++++ Source information ++++

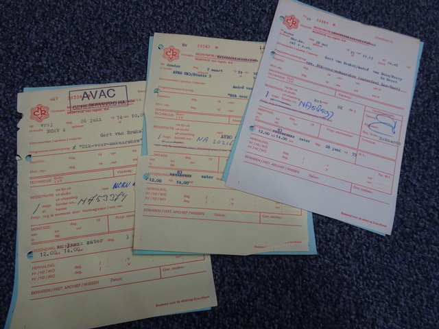 FOTO: Drie originele opnamebonnen van de Dik Voormekaar Show uit 1974 en 1975. De
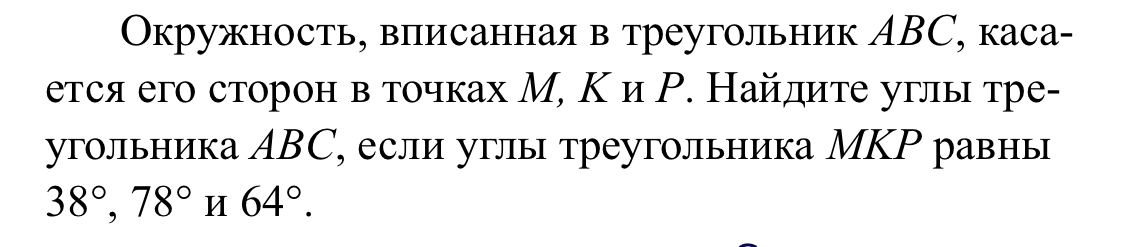 Рассмотрим треугольник АВС и вписанную в него окружность. По теореме, отрезки касательных, проведенные к окружности из одной точки, равны. Тогда, треугольники МВК, АМР и КРС являются равнобедренными, а углы при основании каждого из них равны.
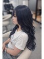 深みのあるブルーブラックカラーで、透明感とツヤ感を最大限に引き出した韓国風ロングスタイル。顔まわりから毛先にかけて大きめのヨシン巻きを入れることで、重く見えがちなダークカラーでも軽やかで可愛い印象に。
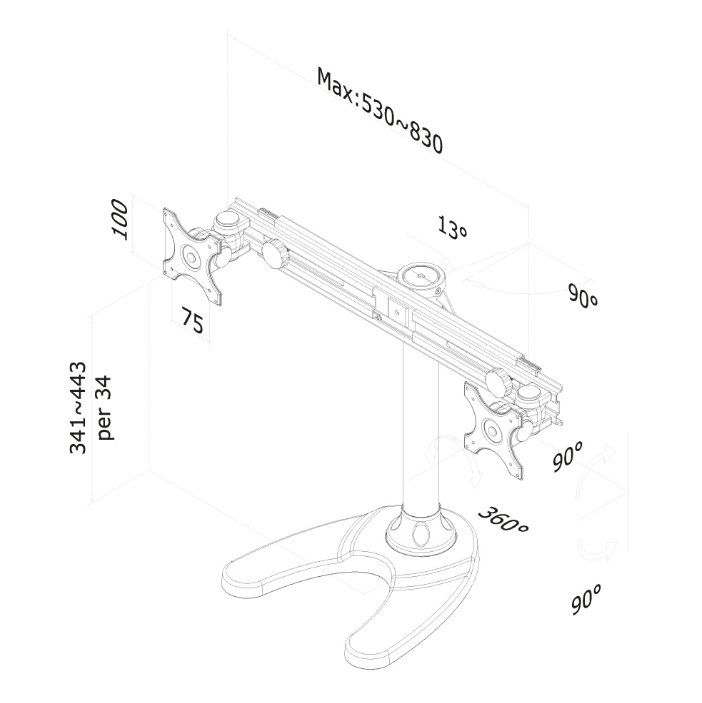 | Максимално натоварване, кг | 8 kg (per screen) |
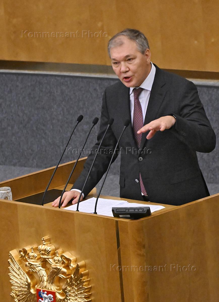 Extraordinary plenary session of the State Duma of Russia. Member of the Russian State Duma Committee on Ecology, Natural Resources and Environmental Protection Timofey Bazhenov (right) during the meeting.
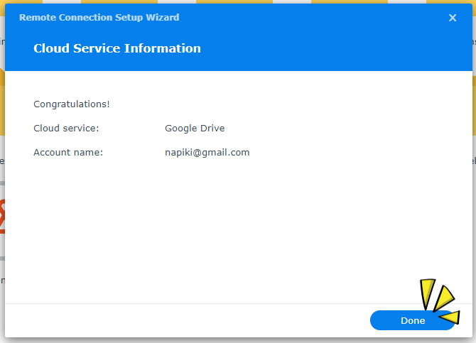 구글 드라이브의 로그인 정보를 입력하고 "Done" 을 클릭합니다.

++++

* What is being asked:
Give the data again exactly. Keep the images out.

* Answer box:
 FOTO: Drie originele opnamebonnen van de Dik Voormekaar Show uit 1974 en 1975. De
 Рассмотрим треугольник АВС и вписанную в него окружность. По теореме, отрезки касательных, проведенные к окружности из одной точки, равны. Тогда, треугольники МВК, АМР и КРС являются равнобедренными, а углы при основании каждого из них равны.
 深みのあるブルーブラックカラーで、透明感とツヤ感を最大限に引き出した韓国風ロングスタイル。顔まわりから毛先にかけて大きめのヨシン巻きを入れることで、重く見えがちなダークカラーでも軽やかで可愛い印象に。
 | Максимално натоварване, кг | 8 kg (per screen) |
 Extraordinary plenary session of the State Duma of Russia. Member of the Russian State Duma Committee on Ecology, Natural Resources and Environmental Protection Timofey Bazhenov (right) during the meeting.
 구글 드라이브의 로그인 정보를 입력하고 "Done" 을 클릭합니다.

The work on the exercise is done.